Microarray data for the presynaptic (sensory) neuron confirmed the presence of bone morphogenic (BMP) type/tolloid protein (confirmed by in situ hybridization, Figure 5F), a candidate involved in structural changes associated with cell-cell communication. A second major cell-specific transcript in the sensory neurons is the sensorin prohormone. Other predicted gene products differentially expressed in sensory neurons also include genes known to be involved in the pathways leading to short-and long-term plasticity (Tables S12 and S13).

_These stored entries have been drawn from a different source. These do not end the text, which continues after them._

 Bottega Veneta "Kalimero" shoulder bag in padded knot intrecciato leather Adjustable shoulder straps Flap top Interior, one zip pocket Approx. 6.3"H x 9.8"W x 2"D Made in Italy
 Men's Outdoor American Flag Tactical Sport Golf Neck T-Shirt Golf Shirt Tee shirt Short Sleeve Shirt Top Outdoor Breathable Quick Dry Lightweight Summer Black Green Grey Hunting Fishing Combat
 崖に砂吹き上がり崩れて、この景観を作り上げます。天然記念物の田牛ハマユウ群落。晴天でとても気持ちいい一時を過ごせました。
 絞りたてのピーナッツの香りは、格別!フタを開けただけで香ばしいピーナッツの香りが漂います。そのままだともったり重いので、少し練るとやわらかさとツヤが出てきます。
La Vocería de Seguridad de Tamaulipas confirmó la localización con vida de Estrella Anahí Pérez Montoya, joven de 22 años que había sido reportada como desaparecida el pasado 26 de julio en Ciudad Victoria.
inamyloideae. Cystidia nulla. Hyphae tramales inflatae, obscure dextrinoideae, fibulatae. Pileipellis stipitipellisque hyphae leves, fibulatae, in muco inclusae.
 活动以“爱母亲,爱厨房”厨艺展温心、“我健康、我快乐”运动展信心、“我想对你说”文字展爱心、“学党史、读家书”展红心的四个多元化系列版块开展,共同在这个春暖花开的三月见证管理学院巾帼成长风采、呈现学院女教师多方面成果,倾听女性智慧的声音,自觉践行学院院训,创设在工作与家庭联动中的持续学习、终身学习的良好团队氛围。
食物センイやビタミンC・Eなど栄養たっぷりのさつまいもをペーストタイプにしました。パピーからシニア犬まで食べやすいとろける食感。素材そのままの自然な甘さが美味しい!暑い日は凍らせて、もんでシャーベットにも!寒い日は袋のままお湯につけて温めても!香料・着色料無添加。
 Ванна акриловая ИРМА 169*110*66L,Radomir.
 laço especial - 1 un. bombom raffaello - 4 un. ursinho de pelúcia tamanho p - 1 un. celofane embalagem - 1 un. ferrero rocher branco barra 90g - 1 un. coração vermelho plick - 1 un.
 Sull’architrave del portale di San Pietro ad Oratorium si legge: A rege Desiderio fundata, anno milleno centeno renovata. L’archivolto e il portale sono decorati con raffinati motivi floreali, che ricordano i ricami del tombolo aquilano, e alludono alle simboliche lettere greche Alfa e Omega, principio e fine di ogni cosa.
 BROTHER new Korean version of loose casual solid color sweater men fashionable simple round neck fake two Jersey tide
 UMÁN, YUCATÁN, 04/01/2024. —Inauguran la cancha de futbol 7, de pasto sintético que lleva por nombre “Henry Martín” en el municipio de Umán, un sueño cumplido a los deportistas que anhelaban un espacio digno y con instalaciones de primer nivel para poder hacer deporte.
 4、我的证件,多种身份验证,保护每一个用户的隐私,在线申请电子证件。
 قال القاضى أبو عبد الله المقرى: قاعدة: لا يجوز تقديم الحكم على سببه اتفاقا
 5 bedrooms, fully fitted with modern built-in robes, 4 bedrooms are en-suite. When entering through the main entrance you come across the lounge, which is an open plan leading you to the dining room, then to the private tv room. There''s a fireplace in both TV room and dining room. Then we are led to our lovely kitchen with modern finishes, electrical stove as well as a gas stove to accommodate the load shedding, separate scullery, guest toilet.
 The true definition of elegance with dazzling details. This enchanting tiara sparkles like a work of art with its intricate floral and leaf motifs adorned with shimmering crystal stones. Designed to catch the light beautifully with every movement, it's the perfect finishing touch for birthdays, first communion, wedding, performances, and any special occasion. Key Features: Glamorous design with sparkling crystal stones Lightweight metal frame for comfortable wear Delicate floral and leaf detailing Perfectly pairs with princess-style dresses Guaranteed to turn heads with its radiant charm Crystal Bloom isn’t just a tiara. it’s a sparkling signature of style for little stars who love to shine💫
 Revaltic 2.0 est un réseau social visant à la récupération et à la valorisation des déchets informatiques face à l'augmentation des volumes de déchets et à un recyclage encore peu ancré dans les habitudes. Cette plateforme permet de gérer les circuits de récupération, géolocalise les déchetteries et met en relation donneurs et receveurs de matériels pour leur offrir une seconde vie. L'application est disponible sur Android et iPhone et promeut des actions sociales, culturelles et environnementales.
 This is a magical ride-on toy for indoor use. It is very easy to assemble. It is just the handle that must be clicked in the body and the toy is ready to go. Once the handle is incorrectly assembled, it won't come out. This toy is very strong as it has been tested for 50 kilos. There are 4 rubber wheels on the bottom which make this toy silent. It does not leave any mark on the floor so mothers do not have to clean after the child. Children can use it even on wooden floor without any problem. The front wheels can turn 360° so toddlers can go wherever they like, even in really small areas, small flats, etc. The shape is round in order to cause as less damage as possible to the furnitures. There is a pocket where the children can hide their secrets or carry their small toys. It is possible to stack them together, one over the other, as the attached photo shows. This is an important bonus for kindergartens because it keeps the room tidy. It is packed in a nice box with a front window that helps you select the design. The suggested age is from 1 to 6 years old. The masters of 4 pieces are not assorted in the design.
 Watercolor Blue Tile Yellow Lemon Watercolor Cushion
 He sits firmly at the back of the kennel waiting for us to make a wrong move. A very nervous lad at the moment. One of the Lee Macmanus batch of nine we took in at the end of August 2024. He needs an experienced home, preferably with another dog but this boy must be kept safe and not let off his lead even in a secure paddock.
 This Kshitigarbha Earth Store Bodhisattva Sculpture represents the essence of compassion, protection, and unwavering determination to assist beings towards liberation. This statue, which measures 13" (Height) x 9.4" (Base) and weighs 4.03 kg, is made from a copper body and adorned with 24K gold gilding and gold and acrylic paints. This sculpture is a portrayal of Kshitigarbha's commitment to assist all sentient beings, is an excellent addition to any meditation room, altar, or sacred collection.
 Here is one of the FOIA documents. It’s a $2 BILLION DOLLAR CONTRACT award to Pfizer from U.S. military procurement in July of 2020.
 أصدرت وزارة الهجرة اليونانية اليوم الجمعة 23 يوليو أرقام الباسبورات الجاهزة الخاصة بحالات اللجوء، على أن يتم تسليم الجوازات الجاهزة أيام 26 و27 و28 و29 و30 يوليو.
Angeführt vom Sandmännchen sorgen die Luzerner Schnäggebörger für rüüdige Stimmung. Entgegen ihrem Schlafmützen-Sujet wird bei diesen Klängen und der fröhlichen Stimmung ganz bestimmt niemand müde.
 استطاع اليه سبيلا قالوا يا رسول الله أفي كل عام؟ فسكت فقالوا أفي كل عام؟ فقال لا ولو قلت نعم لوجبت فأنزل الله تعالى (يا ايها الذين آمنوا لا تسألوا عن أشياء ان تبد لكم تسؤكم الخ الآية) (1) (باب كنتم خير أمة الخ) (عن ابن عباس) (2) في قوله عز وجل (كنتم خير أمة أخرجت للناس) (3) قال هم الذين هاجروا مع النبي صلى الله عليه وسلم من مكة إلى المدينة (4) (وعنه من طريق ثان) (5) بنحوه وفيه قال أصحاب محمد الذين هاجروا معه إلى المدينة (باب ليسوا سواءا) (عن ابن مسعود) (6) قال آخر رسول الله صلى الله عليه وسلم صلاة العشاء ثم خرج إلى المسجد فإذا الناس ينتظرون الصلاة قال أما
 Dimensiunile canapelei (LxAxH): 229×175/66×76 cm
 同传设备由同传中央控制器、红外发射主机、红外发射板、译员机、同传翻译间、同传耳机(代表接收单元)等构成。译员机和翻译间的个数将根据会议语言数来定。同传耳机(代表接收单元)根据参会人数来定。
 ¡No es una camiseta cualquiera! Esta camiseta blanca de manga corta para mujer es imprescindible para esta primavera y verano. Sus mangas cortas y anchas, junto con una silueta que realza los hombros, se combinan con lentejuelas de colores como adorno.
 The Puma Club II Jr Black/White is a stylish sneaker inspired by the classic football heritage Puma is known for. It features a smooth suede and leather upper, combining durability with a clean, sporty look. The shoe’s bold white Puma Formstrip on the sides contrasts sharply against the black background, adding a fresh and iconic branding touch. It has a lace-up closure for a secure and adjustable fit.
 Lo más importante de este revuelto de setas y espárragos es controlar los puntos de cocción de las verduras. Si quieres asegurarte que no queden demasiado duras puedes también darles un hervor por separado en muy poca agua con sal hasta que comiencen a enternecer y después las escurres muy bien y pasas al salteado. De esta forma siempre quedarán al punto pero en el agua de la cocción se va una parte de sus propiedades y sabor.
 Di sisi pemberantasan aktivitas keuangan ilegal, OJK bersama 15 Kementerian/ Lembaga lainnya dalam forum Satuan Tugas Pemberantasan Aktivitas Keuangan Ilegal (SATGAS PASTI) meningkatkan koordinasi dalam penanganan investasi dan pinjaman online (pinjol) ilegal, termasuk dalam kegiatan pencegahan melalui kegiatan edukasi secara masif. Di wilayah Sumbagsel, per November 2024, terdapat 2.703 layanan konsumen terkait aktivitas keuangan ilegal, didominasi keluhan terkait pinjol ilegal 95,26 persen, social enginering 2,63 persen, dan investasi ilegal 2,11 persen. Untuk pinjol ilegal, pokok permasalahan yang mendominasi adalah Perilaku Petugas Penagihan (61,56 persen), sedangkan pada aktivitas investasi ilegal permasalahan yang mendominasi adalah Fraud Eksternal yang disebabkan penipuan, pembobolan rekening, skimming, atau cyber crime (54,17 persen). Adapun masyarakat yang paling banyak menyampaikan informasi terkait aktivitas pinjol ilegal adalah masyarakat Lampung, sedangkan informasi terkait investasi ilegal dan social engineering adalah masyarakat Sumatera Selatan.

Serotonergic Modulatory Cells (MCC)

Normalized and nonnormalized cDNA libraries from five to eight individual MCC neurons were analyzed to obtain good representation of both common and rare cell-specific transcripts. The assembly of ESTs obtained from MCC neurons resulted in 9,945 nonredundant sequences, suggesting that roughly 10,000 unique gene products are expressed in a single Aplysia neuron. Of these, 1,263 genes were assigned to GO categories based on their predicted molecular function or biological process (Figure 2A and Table S3). Among the most abundant transcripts in MCC neurons are those for serotonin transporter and predicted pheromone receptors. The transcriptome of MCC also contains putative photoreceptors, suggesting that these interneurons might also be involved in light sensitivity or regulation of circadian clocks (supported by the expression of Nocturnin homologs).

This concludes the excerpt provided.